Industry is cinching its belt, but news that Merck will shed 12 percent of its workforce - many senior and middle management positions - was a bombshell announcement.
Merck President and CEO Richard Clark announced last week that the company will cut 7,200 jobs-12 percent of its workforce-to compensate for a serious revenue shortfall. Clark laid off the layoffs to a decrease in sales of its blockbuster cholesterol medications, approval delays at FDA, and patent expirations.
Recent downsizing alerts at Novartis, Schering Plough, and GlaxoSmithKline look paltry when compared to Merck’s major “restructuring,” as the preferred euphemism has it. Approximately 40 percent of the jobs lost will be in the United States, and middle and senior management will constitute about 25 percent of the cuts.
“Streamlining Merck to meet the demands of the ever-changing business environment includes the ever-painful reality of losing employees whose contributions have helped the company accomplish so much throughout the years,” Clark told investors yesterday. “But no matter how difficult the decisions are today, we know our long-term strategy is right.”

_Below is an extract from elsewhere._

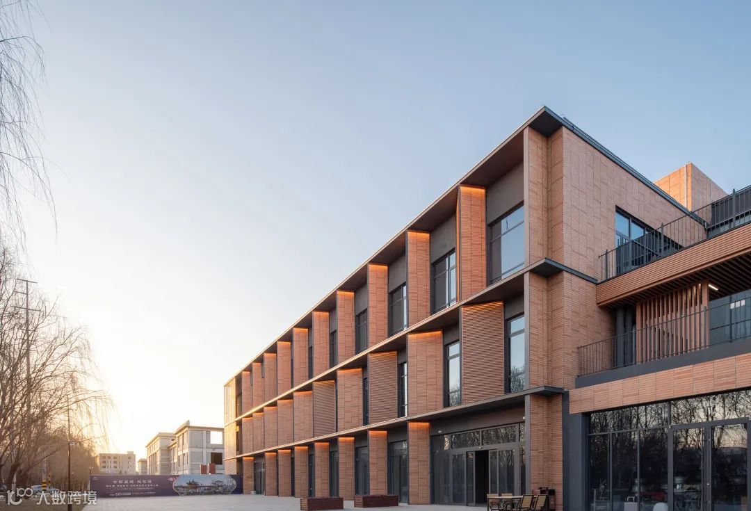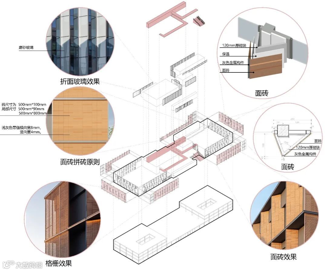 在我们的设想中,项目整体改变原先红白的色彩对比,运用温暖的陶木色系,更符合康养配套服务空间柔和的定位。囿于建筑荷载不支持任何的干挂体系,通过多种材料比对,最终我们采用长尺度面砖为主材,以三种相近暖色系色彩进行拼贴,经过反复试验模拟,选择最合适的拼贴节奏和色彩比重,形成大面有主调性、近看有细节的立面。
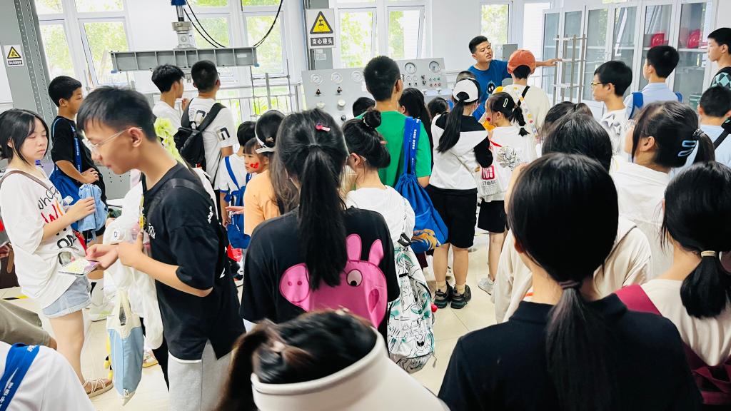 交流会结束之后,曾志刚老师组织带领同学们依次参观了建筑环境与能源应用实验室、土木工程材料实验室、结构工程实验室等学院实验室进行沉浸式亲身体验。在参观过程中,各实验室负责老师为同学们现场进行了专业的演示实验,将抽象的概念生动形象地展现在同学们眼前;当同学们看到手工制作的桥梁、房屋等各种模型,直观而真切的展现了学院专业特色;形体各异的无人机极大地激发了同学们的兴趣,不禁连连发出感叹。参观完实验室,领队老师还组织同学们参观了校园、体味了大学食堂,至此,校园开放日活动圆满结束。

That said, Merck’s numbers weren’t all negative. Sales of first-in-class diabetes drug Januvia and novel HPV vaccine Gardasil beat analyst estimates, while asthma and allergy blockbuster Singulair revenue remained flat from the previous year. The biggest hit was to high-cholesterol drugs Vytorin and Zetia, which both saw sales drop 15 percent in light of the long-delayed Enhance data suggesting that Vytorin was no better than generic statins at decreasing arterial plaque, yet works fine for lowering cholesterol.
“The combination of Merck’s base business, new product growth-including Gardasil, Januvia, and [breakthrough HIV drug] Isentress-we believe, will exceed $5 billion in peak sales,” Deutsche Bank analyst Barbara Ryan said in a letter. “An agile, increasingly lean cost structure will support superior growth over the next several years. Further, Merck’s late-stage pipeline has the potential to extend this record into the next decade.”
The Devil in the Details
For the 7,200 employees looking at unemployment, the prospect for new jobs could be bleak.
Julie Kampf, president of JBK Associates, told Pharm Exec that her executive search company has seen a downward trend in senior level hiring recently. “We would all be foolish to put blinders on and not see that the economy has slowed and with that there is restructuring around layoffs,” Kampf said.
She warns that pharma companies must be careful, though, about who they choose to release. “At some point, we do expect the economy will recover, and companies have a history of laying people off and then realizing that they need those people,” she said.
One area that pharma seems not to be knifing is contract labor, said Pete Ferguson, president, health and life sciences at Yoh talent and outsourcing firm. “We haven’t seen much of a slowdown from a contingent labor standpoint,” Ferguson said. “We have a consistent job order flow from the pharma and biotech industries right now.”
This isn’t too surprising. In September, Merck announced that it would be using contracted reps to fill holes in its sales force just months after it eliminated 1,200 sales positions.
“During an economic downturn, pharma engages in buyouts and layoffs of permanent staff, but then tend to backfill those slots with contingent labor,” Ferguson said. “That doesn’t mean we won’t see a slowdown, just that we haven’t seen it yet.”